*Data*

BEGIN

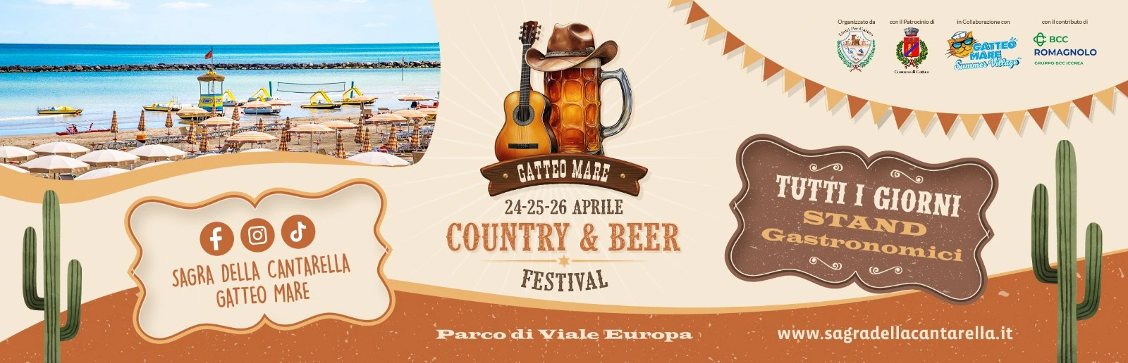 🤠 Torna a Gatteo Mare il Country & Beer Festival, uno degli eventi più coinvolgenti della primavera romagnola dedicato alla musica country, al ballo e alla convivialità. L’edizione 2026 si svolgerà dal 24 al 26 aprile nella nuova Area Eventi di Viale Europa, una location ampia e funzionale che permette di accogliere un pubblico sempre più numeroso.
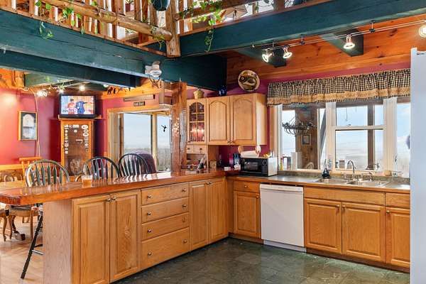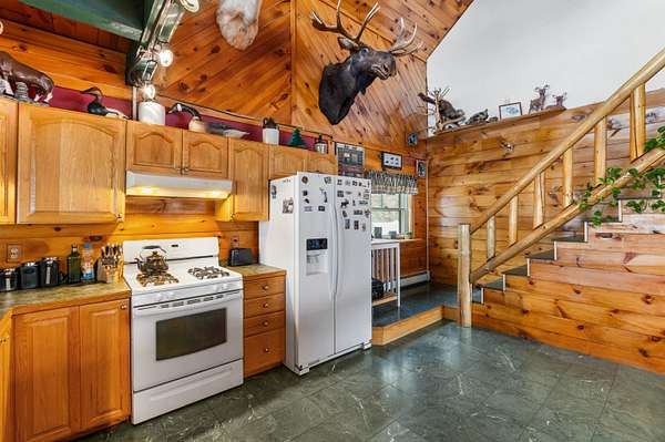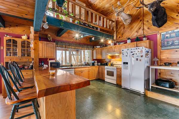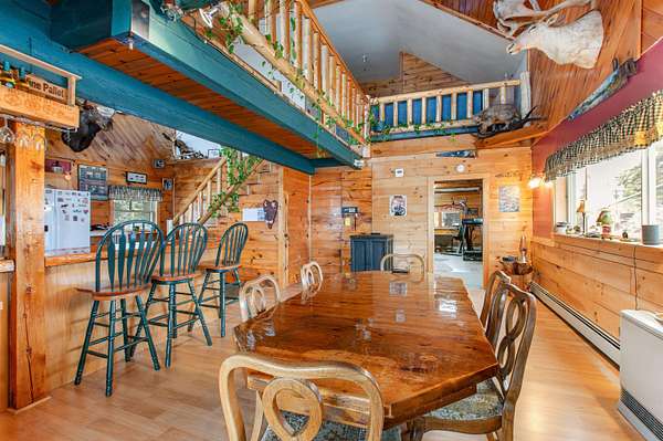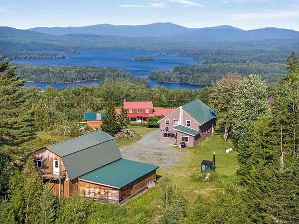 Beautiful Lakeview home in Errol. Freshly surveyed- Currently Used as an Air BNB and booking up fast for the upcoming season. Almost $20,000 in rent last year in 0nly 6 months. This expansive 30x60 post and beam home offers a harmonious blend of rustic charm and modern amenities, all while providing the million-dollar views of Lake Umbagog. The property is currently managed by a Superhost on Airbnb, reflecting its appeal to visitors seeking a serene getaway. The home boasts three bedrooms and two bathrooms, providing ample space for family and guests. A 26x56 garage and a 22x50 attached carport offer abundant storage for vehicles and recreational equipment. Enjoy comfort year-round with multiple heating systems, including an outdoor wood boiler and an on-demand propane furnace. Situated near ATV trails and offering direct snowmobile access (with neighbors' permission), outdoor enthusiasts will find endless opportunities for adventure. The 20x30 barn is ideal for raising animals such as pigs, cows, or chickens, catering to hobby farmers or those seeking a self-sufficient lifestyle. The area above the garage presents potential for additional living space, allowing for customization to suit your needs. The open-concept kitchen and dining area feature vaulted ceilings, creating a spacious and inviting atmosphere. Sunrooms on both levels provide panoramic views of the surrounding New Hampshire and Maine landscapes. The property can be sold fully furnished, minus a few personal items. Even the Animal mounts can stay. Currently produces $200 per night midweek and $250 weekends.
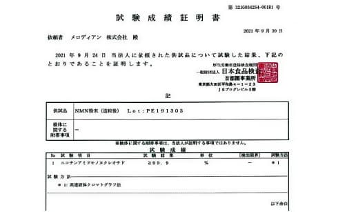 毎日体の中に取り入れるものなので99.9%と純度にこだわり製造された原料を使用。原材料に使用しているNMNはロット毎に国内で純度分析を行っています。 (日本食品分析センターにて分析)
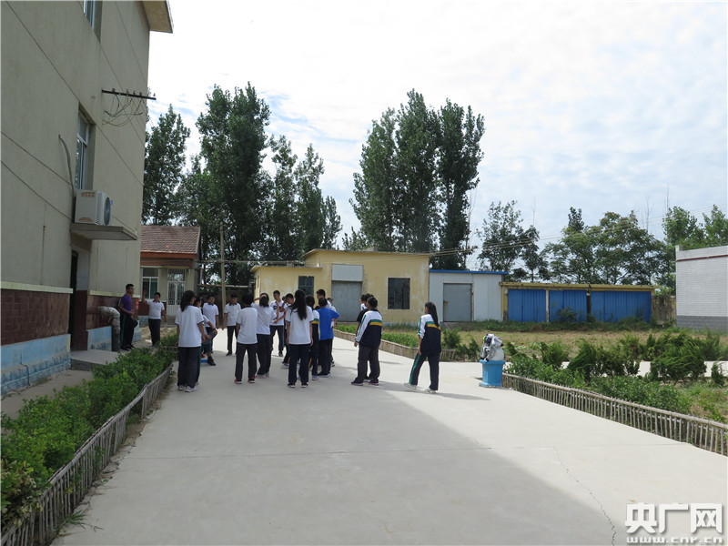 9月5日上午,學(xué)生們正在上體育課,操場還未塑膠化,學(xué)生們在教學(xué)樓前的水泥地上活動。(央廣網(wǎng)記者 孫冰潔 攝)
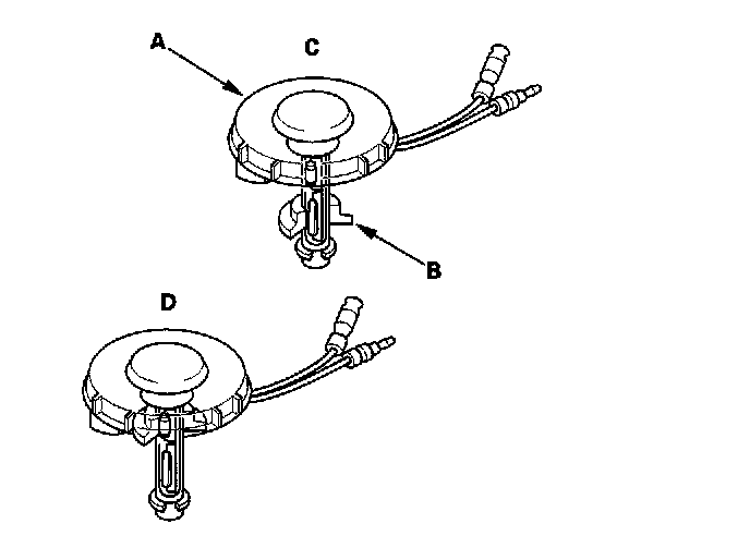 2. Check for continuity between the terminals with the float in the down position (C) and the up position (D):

END

*Task goal*
Would you print all of the entries exactly, omitting any image?

*Exercise result*
 🤠 Torna a Gatteo Mare il Country & Beer Festival, uno degli eventi più coinvolgenti della primavera romagnola dedicato alla musica country, al ballo e alla convivialità. L’edizione 2026 si svolgerà dal 24 al 26 aprile nella nuova Area Eventi di Viale Europa, una location ampia e funzionale che permette di accogliere un pubblico sempre più numeroso.
 Beautiful Lakeview home in Errol. Freshly surveyed- Currently Used as an Air BNB and booking up fast for the upcoming season. Almost $20,000 in rent last year in 0nly 6 months. This expansive 30x60 post and beam home offers a harmonious blend of rustic charm and modern amenities, all while providing the million-dollar views of Lake Umbagog. The property is currently managed by a Superhost on Airbnb, reflecting its appeal to visitors seeking a serene getaway. The home boasts three bedrooms and two bathrooms, providing ample space for family and guests. A 26x56 garage and a 22x50 attached carport offer abundant storage for vehicles and recreational equipment. Enjoy comfort year-round with multiple heating systems, including an outdoor wood boiler and an on-demand propane furnace. Situated near ATV trails and offering direct snowmobile access (with neighbors' permission), outdoor enthusiasts will find endless opportunities for adventure. The 20x30 barn is ideal for raising animals such as pigs, cows, or chickens, catering to hobby farmers or those seeking a self-sufficient lifestyle. The area above the garage presents potential for additional living space, allowing for customization to suit your needs. The open-concept kitchen and dining area feature vaulted ceilings, creating a spacious and inviting atmosphere. Sunrooms on both levels provide panoramic views of the surrounding New Hampshire and Maine landscapes. The property can be sold fully furnished, minus a few personal items. Even the Animal mounts can stay. Currently produces $200 per night midweek and $250 weekends.
 毎日体の中に取り入れるものなので99.9%と純度にこだわり製造された原料を使用。原材料に使用しているNMNはロット毎に国内で純度分析を行っています。 (日本食品分析センターにて分析)
 9月5日上午,學(xué)生們正在上體育課,操場還未塑膠化,學(xué)生們在教學(xué)樓前的水泥地上活動。(央廣網(wǎng)記者 孫冰潔 攝)
 2. Check for continuity between the terminals with the float in the down position (C) and the up position (D):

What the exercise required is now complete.